━━━━━ Data shown ━━━━━

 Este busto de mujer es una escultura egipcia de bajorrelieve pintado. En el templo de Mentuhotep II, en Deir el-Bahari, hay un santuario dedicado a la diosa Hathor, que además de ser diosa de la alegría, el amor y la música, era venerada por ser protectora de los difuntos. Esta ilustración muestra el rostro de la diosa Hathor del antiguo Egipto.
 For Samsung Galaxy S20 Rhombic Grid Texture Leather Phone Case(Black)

━━━━━
━━━━━ Data shown ━━━━━

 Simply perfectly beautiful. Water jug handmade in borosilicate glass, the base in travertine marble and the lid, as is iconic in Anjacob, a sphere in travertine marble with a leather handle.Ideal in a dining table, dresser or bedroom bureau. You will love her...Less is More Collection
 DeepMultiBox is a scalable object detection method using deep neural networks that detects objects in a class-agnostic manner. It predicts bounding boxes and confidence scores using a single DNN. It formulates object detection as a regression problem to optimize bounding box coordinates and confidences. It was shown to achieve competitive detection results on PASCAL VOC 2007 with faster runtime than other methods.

━━━━━

Problem:
In the listing above, find the line holding "Este busto de" and the line holding "For Samsung Galaxy", then output those two lines and every line between them exactly.

Result of the exercise:
 Este busto de mujer es una escultura egipcia de bajorrelieve pintado. En el templo de Mentuhotep II, en Deir el-Bahari, hay un santuario dedicado a la diosa Hathor, que además de ser diosa de la alegría, el amor y la música, era venerada por ser protectora de los difuntos. Esta ilustración muestra el rostro de la diosa Hathor del antiguo Egipto.
 For Samsung Galaxy S20 Rhombic Grid Texture Leather Phone Case(Black)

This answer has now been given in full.